Question

The angles of depression of the top and the bottom of an 8 m tall building from the top of a multi-storeyed building are 30° and 45° respectively. Find the height of the multi-storeyed building and the distance between the two buildings. (use \(\sqrt{ 3}\) = 1.73)

Answer 1

Let the height of the multi-storeyed building be h, and the distance between the two buildings be d.

1. Using the angle of depression of 45°:

\[ \tan(45^\circ) = \frac{8}{d_1} \]

Since \(\tan(45^\circ) = 1\), we have:

\[ d_1 = 8 \, \text{m} \]

This is the horizontal distance from the base of the multi-storeyed building to the base of the 8 m tall building.

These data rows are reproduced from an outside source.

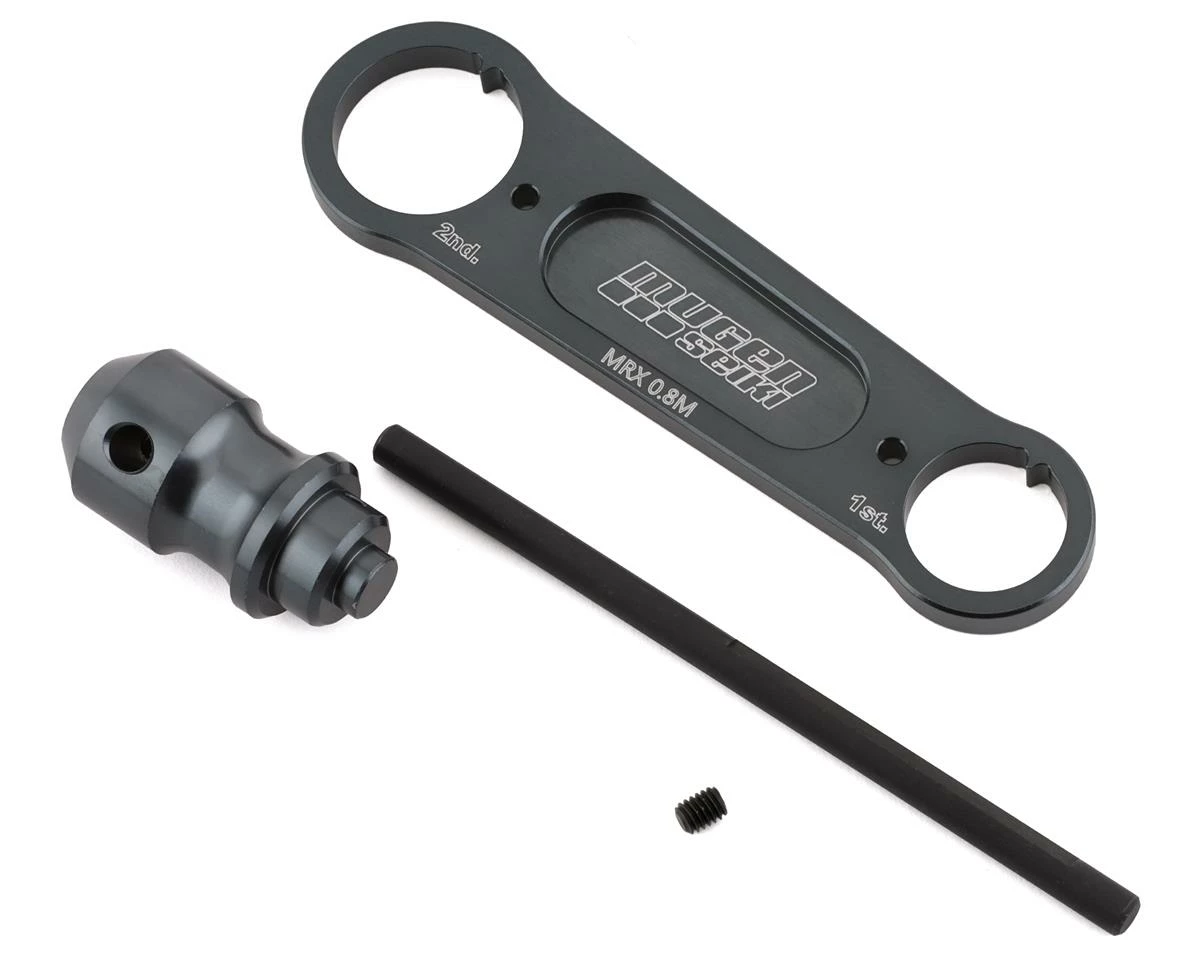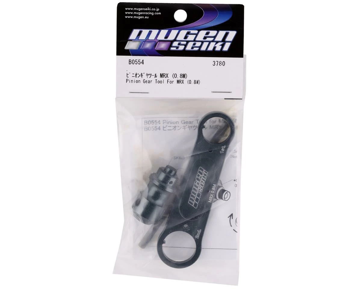 Mugen Seiki Pinion Gear Tool. This pinion gear tool is a great option for making maintenance a breeze. Designed to work with Mod 0.8 gears, using this tool will allow you to hold the first or second gear pinion and tighten it. Package includes one gear tool and one clutch bell lock.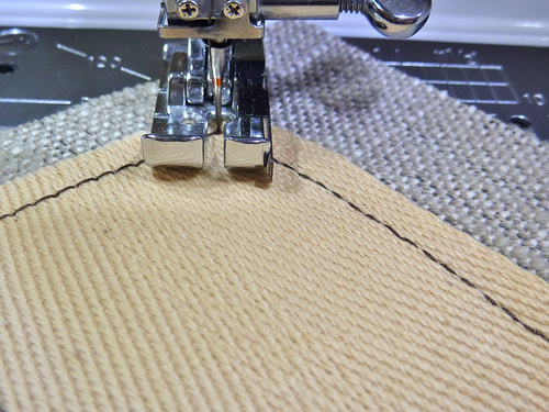 - Stitch across the bottom of the box, directly over the previous stitching. At the opposite bottom corner, again pivot 45˚ so you are aligned to stitch on the diagonal.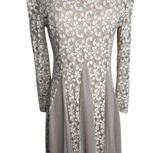 AReve Beige Floral Lace Tulle Dress Edwardian Cottagecore Bohemian Whimsy Sz M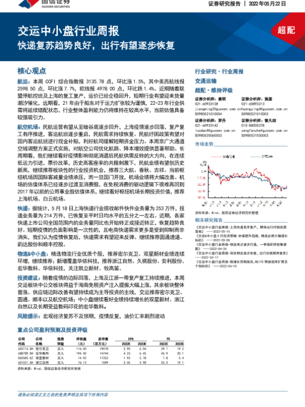 【国信证券】【20220522】交运中小盘行业周报:快递复苏趋势良好,出行有望逐步恢复-23页 行业研究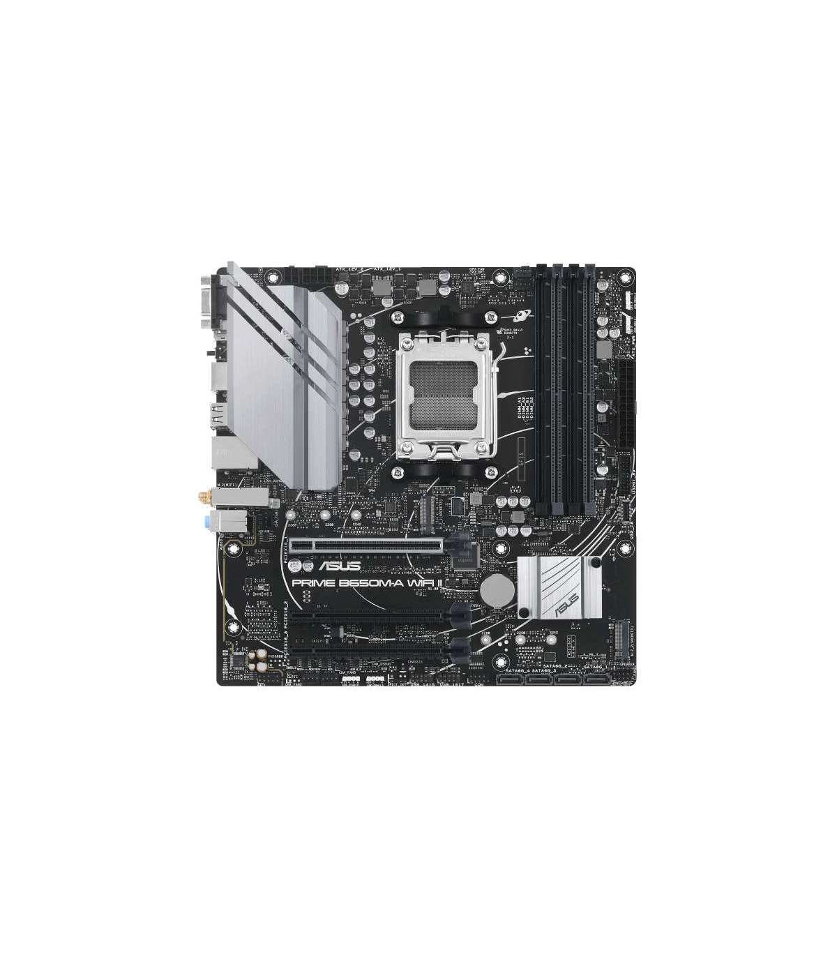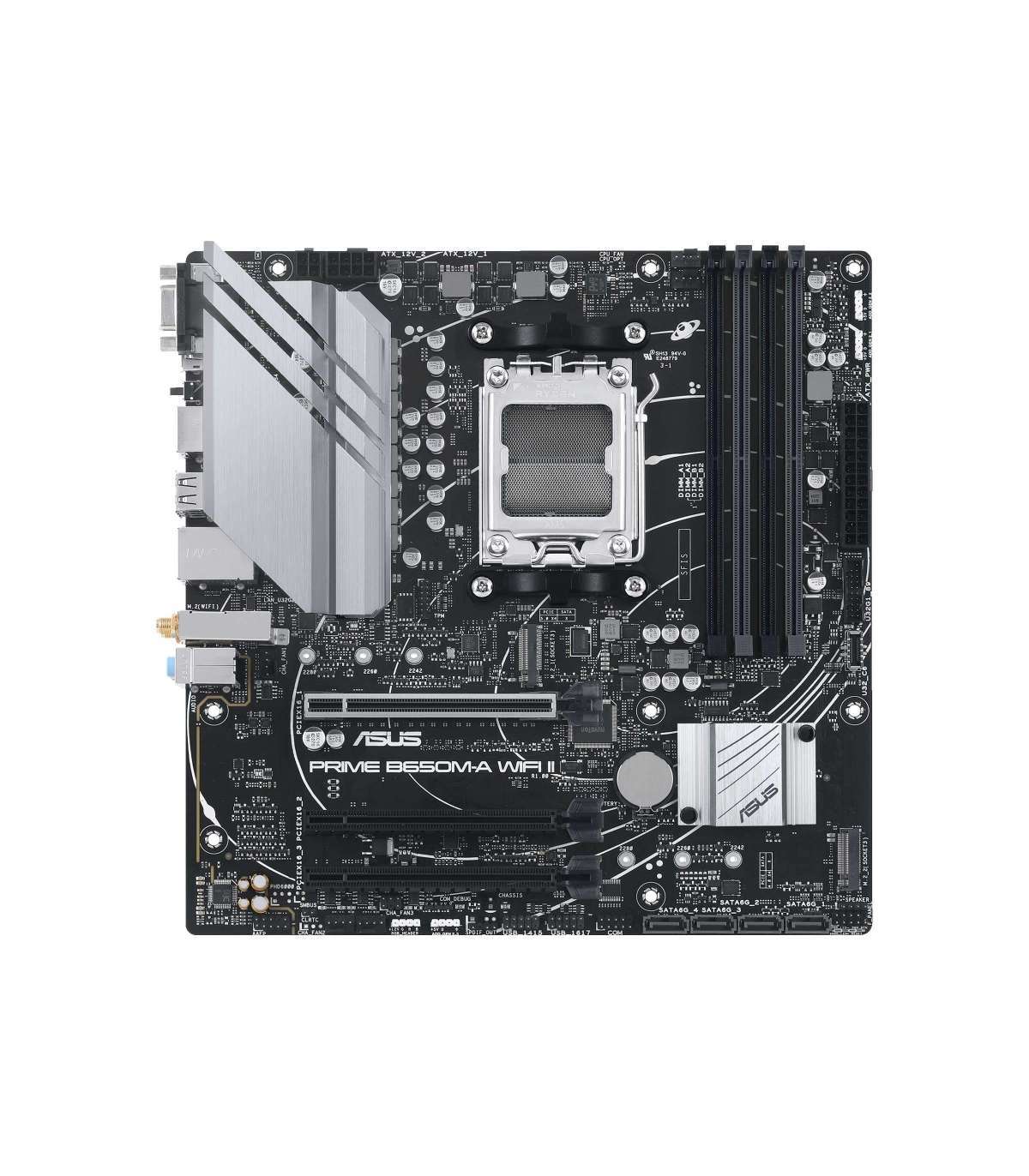 Asus | PRIME B650M-A WIFI II | Processor family AMD | Processor socket AM5 | DDR5 DIMM | Memory slots 4 | Supported hard disk drive interfaces SATA, M.2 | Number of SATA connectors 4 | Chipset AMD B650 | mATX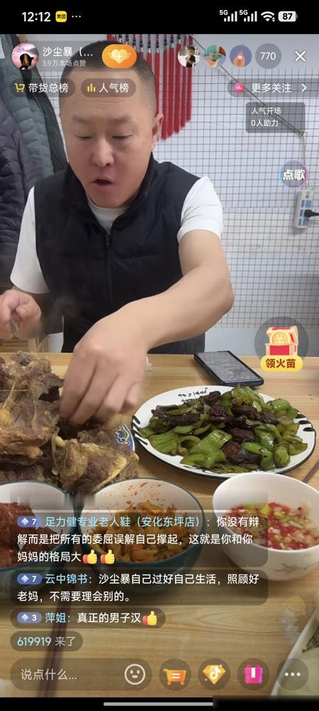 我为啥力挺小叔子和婆婆?今天一直在小叔子卖牛羊肉的直播间,有的黑粉过来怼小叔子说小敏小敏怎么的? 这话听着就憋屈。小县城巴掌大,谁家有点事,转头就传遍街坊。能挺直腰板重新做人,得多难。黑粉轻飘飘几句话,又把旧伤疤撕开,搁谁受得了。 翻了些网友讨论,大概知道背景了。家里之前好像出了挺大的变故,具体细节外人说不清。但小叔子那句话实在,“没让他们饿着冷着要饭”。这就够了。过日子,最难的时候不就是一口热饭、一件暖衣吗?他扛起来了,没让嫂子侄儿流落街头,这就是爷们儿的担当。 直播卖肉,挣的是辛苦钱。良心肉,对得起顾客。这就比网上那些光动嘴皮子、扒人隐私的强太多。他的脸面是自己一斧子一斧子砍肉、一天一天守摊挣来的,不是靠卖惨换来的。有些人总爱站在道德高地指指点点,可人家关起门来的苦,你吃过吗?他让侄子对外说爸爸叫李洋,这心思得多重。是想护着孩子那点自尊,不想让孩子在别人异样眼光里长大。 网络有时候真挺伤人。过去的事,好不容易平息,一场直播又给掀出来当戏看。看客们图个热闹,可当事人呢?每被提起一次,就像重新经历一次。婆婆那么大年纪,还得对着镜头被问想不想孙子,心里啥滋味?将心比心吧。 家里的事,从来就是一笔糊涂账。清官难断家务事,何况是隔着屏幕的陌生人。我们看到的,永远只是碎片。小叔子选择沉默,不多说,是对的。说多了,反而成了新的谈资。他现在的郁闷和委屈,太真实了。好人未必有好报,但行好事,有时求的只是自己心安。他信不过“老天爷帮忙”那句话,是因为他靠的是自己这双手,不是飘渺的运气。 一个男人,养家糊口,照顾兄长的遗孀和孩子,让老母亲晚年不至于太凄惶,他已经做到了他能做的一切。这比任何漂亮话都硬气。他的尊严,就藏在每天清晨搬动的牛羊肉里,藏在每一笔实实在在的收款里。外人凭什么质疑? 挺他,不是因为他完美无缺。而是因为,在生活的泥潭里,他没有趴下,而是选择扛着这个家往前走。这份坚韧,就值得尊重。网络的风暴总会过去,日子还得踏踏实实地过。卖好他的良心肉,照顾好身边的人,时间会给出最公正的评价。咱们普通人过日子,图的不就是个问心无愧,踏踏实实吗?这就够了。
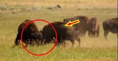 激戰!美洲野牛的生死之戰,牛王打敗所有的挑戰者,下一秒意想不到的事情發生了!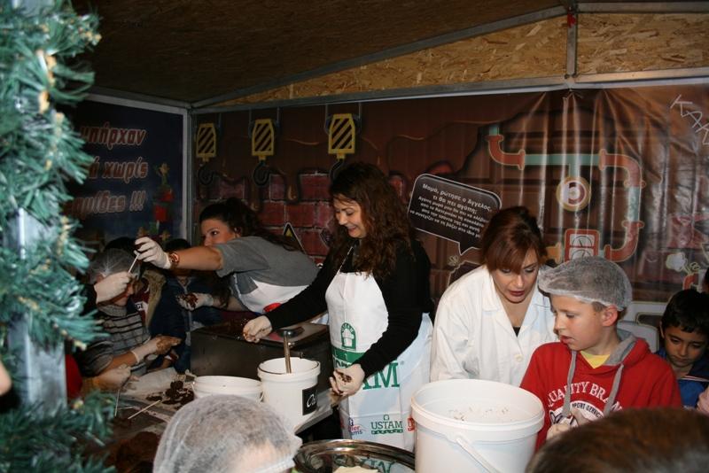 Από νωρίς το απόγευμα μικροί και μεγάλοι είχαν μαζευτεί στην κεντρική πλατεία της πόλης όπου είχαν την ευκαιρία να φτιάξουν και να γευτούν ζεστή σοκολάτα, σοκολατάκια, μπισκότα και γλυκά στο «Εργαστήριο σοκολάτας», να ζεσταθούν με το κρασί από το «Κελάρι του Άγιου Βασίλη» και να βγάλουν φωτογραφίες με τον Άγιο Βασίλη, προσδοκώντας να τους φέρει το καλύτερο δώρο.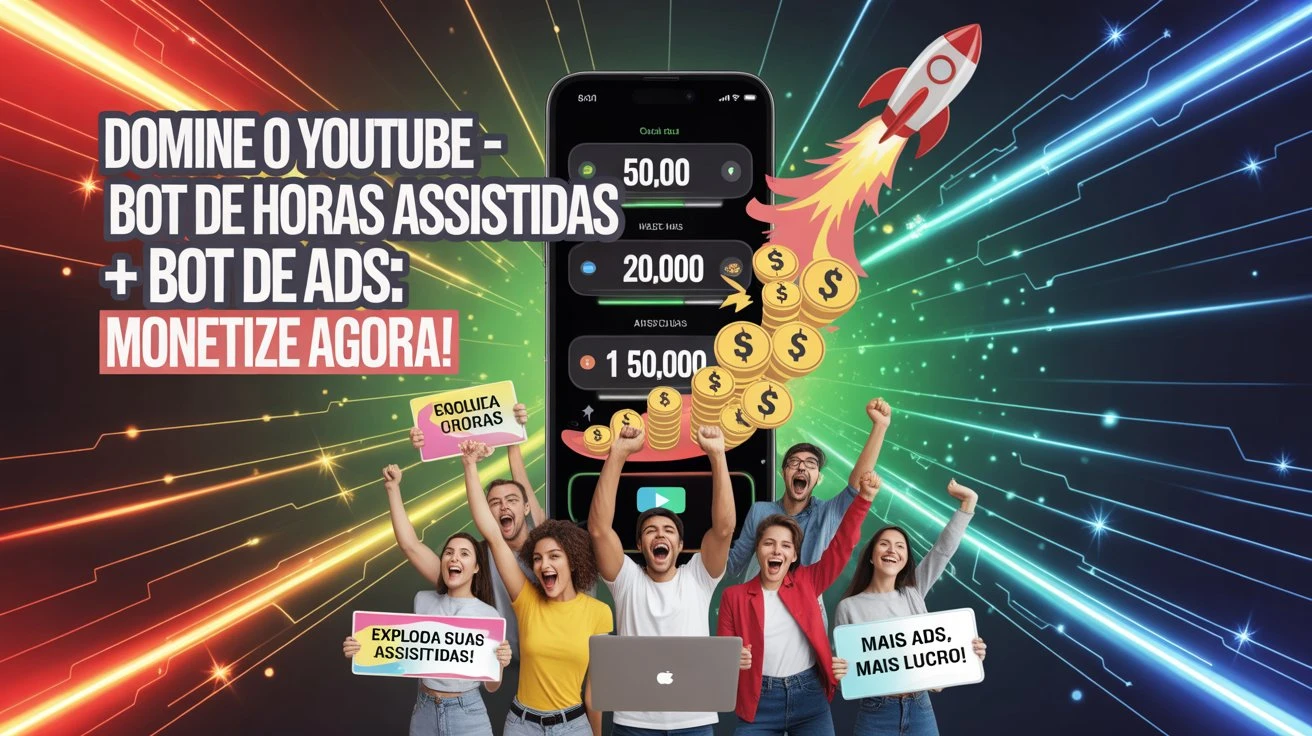 Quer monetizar seu canal no YouTube rapidinho, mas faltam horas assistidas e anúncios? Apresentamos o YouTube Bot de Horas Assistidas + Bot de Ads – a dupla imbatível que explode suas métricas e transforma views em dinheiro real!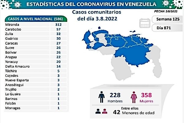 Indicó que los casos comunitarios están ubicados en los siguientes estados: Miranda 312, Carabobo 57, Zulia 32, Guárico 30, Caracas 27, Sucre 26, Bolívar 26, Aragua 22, Yaracuy 20, Delta Amacuro 14, Táchira 5, Cojedes 3, Nueva Esparta 3, Anzoátegui 3, Trujillo 2, La Guaira 1, Barinas 1, Falcón 1 y Monagas 1.

2. Using the angle of depression of 30°:

\[ \tan(30^\circ) = \frac{h - 8}{d_1 + 14} \]

Substituting \(\tan(30^\circ) = \frac{1}{\sqrt{3}}\) and \(d_1 = 8\):

\[ \frac{1}{\sqrt{3}} = \frac{h - 8}{8 + 14} \]

Simplifying:

\[ \frac{1}{\sqrt{3}} = \frac{h - 8}{22} \]

\[ h - 8 = \frac{22}{\sqrt{3}} \approx 12.67 \]

Therefore:

\[ h = 8 + 12.67 = 20.67 \, \text{m} \]

Thus, the height of the multi-storeyed building is approximately 20.67 m, and the distance between the two buildings is 14 m.